A typical Portuguese dessert I felt in love with. Simple but great taste with the combination of cinnamon, lemon and milky creamy rice.
- 1 cup round-grain rice
- 2 cups of milk (room temperature)
- 1/2 cup sugar
- 2 egg yolks
- 1 lemon
- 1 cinnamon stick
- Ground cinnamon
- Add two cups of water to a larger pot and add the peel of one lemon, a cinnamon stick and a bit of salt. Heat it up.
- As soon as it’s boiling add the rice and decrease the temperature to medium heat. Boil it for 15 minutes. Stir it occasionally.
- Add the milk and boil it for another 15 minutes at medium heat.
- As soon as the rice has the preferred texture add the sugar. Boil it on a low level for another 5 minutes. If the consistency becomes too thick add some more milk. In the end it should be creamy but still liquid, too.
- Remove the lemon and the cinnamon stick.
- Put the egg yolk in a separate bowl and add two table spoons of the cooked rice to it. Whisk it quickly and add it to the pot of the rice.
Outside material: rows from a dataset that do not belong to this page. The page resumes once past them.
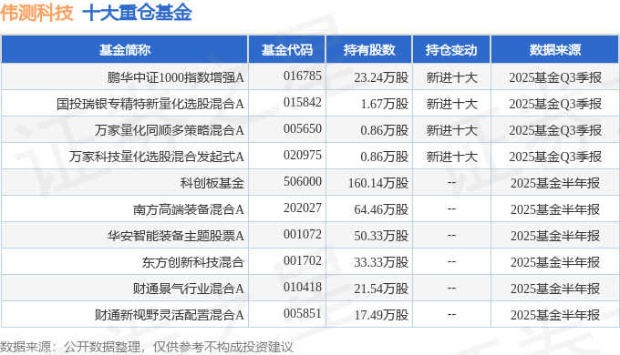 持有伟测科技最多的基金为鹏华中证1000指数增强A,目前规模为10.95亿元,最新净值1.5539(10月27日),较上一交易日上涨0.94%,近一年上涨53.04%。该基金现任基金经理为苏俊杰 时赟超。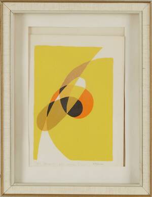 Pierre Olofsson, Komposition. Signerad Olofsson och numrerad 87/94. Färglitografi. 52,5 x 38 cm. Smärre ytslitage. Ej examinerad ur ram. Något vågigt papper. Litet märke. Läs mer...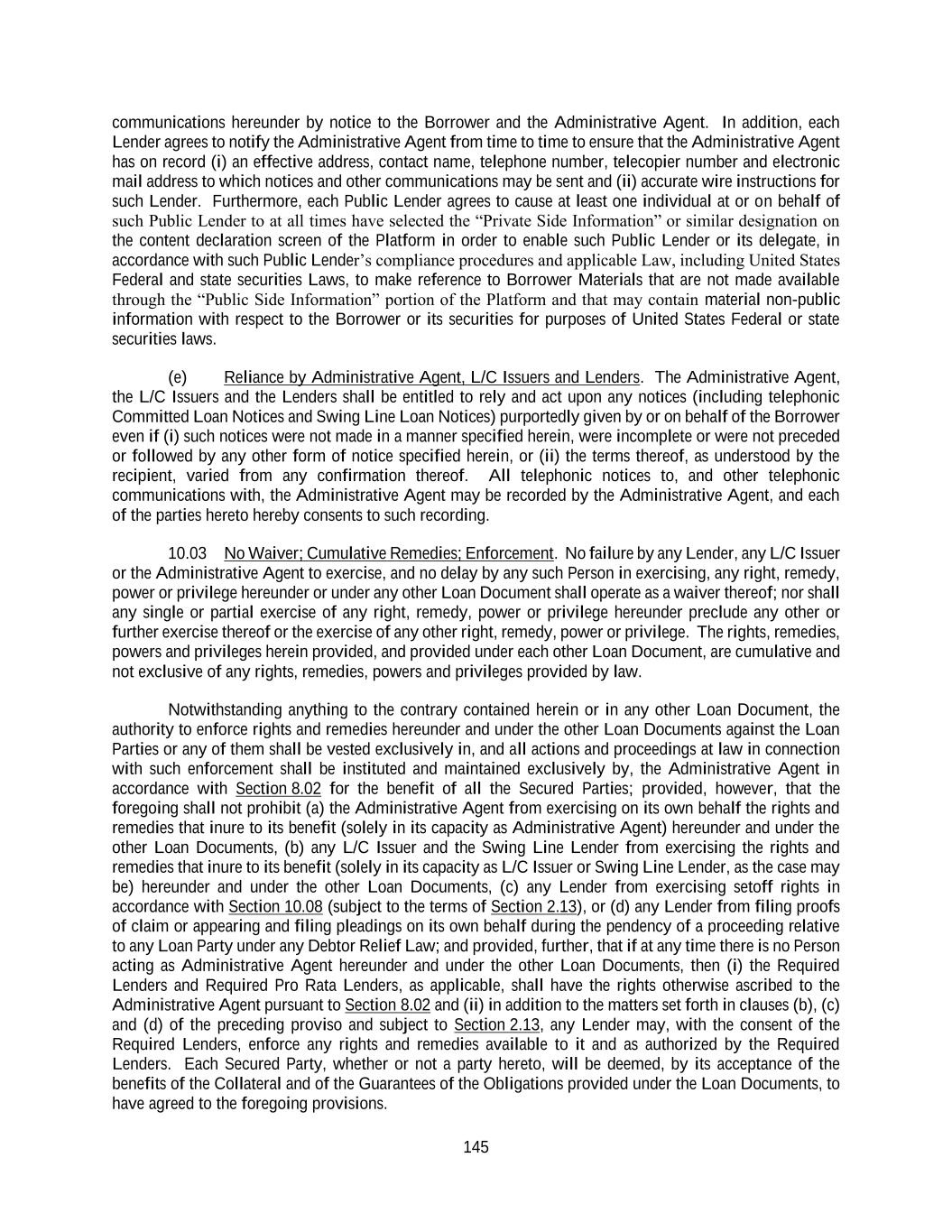 145本协议项下以通知方式向借款人和行政代理人发出的函件。此外,每一贷款人同意不时通知行政代理人,以确保行政代理人有记录在案的(i)通知和其他通信可发送到的有效地址、联系人姓名、电话号码、电传复印号码和电子邮件地址,以及(ii)此类贷款人的准确电汇指示。此外,每个公共贷款人同意根据此类公共贷款人的合规程序和适用法律,包括美国联邦和州证券法,促使至少一名代表此类公共贷款人的个人在任何时候都选择了平台内容申报屏幕上的“私方信息”或类似名称,以便使此类公共贷款人或其代表,为美国联邦或州证券法的目的,提及未通过平台的“公共侧信息”部分提供且可能包含与借款人或其证券有关的重大非公开信息的借款人材料。(e)行政代理人、信用证发行人和贷款人的依赖。行政代理人、信用证发行人和贷款人有权依赖借款人或其代表所发出的任何通知(包括电话承诺贷款通知和周转额度贷款通知)并根据其行事,即使(i)该等通知并非以本协议规定的方式发出、不完整或未在本协议规定的任何其他形式通知之前或之后发出,或(ii)其条款(如收件人所理解,与其任何确认有所不同)。向行政代理人发出的所有电话通知,以及与行政代理人进行的其他电话通信,均可由行政代理人进行记录,本合同各方在此同意进行记录。10.03不放弃;累计补救;强制执行。任何贷款人、任何信用证发行人或行政代理人未行使,以及任何该等人在行使本协议项下或任何其他贷款文件项下的任何权利、补救措施、权力或特权时未有任何延误,均不得作为放弃该权利、补救措施、权力或特权而运作;亦不得因任何单一或部分行使本协议项下的任何权利、补救措施、权力或特权而排除任何其他或进一步行使该权利、补救措施、权力或特权。此处提供的权利、补救措施、权力和特权,以及在彼此的贷款文件下提供的权利、补救措施、权力和特权,是累积的,不排除法律规定的任何权利、补救措施、权力和特权。尽管本协议或任何其他贷款文件中有任何相反的规定,但根据本协议和其他贷款文件对贷款方或其中任何一方强制执行权利和补救措施的权力应完全归属于该行政代理人,与此种强制执行有关的所有诉讼和法律程序应完全由该行政代理人根据第8.02节为所有有担保当事人的利益提起和维持;但条件是,前述并不禁止(a)行政代理人以自己的名义行使本协议项下和其他贷款文件项下对其有利的权利和补救措施(仅以其作为行政代理人的身份),(b)任何信用证发行人和周转额度贷款人行使本协议项下和其他贷款文件项下对其有利的权利和补救措施(仅以其作为信用证发行人或周转额度贷款人的身份,视情况而定),(c)任何贷款人根据第10.08条(在符合第2.13条条款的情况下)行使抵销权,或(d)任何贷款人在根据任何债务人救济法与任何贷款方有关的法律程序未决期间代表自己提交申索证明或出庭并提交书状;并进一步规定,如果在任何时候没有人根据本协议和其他贷款文件担任行政代理人,则(i)规定的贷款人和规定的按比例贷款人(如适用),除上述但书(b)、(c)和(d)条所列事项外,任何贷款人均可根据第8.02和(ii)条享有以其他方式赋予行政代理人的权利,并在符合第2.13条的规定下,经所需贷款人同意,并经所需贷款人授权,任何贷款人可强制执行其可利用的任何权利和补救措施。每一有担保方,无论是否为本协议的一方,通过其接受担保物的利益和对贷款文件项下提供的义务的担保,将被视为已同意上述规定。

Mix it thoroughly and turn the heat off.
- Fill the rice into a big bowl (preferably a flat one) and let it cool down.
- Add some cinnamon on top before serving.
The original version has a lot more sugar in it but I preferred a lighter version to taste the lemon even better.
For a nice pattern on top just fold a piece of paper two times and cut in some decorative spares.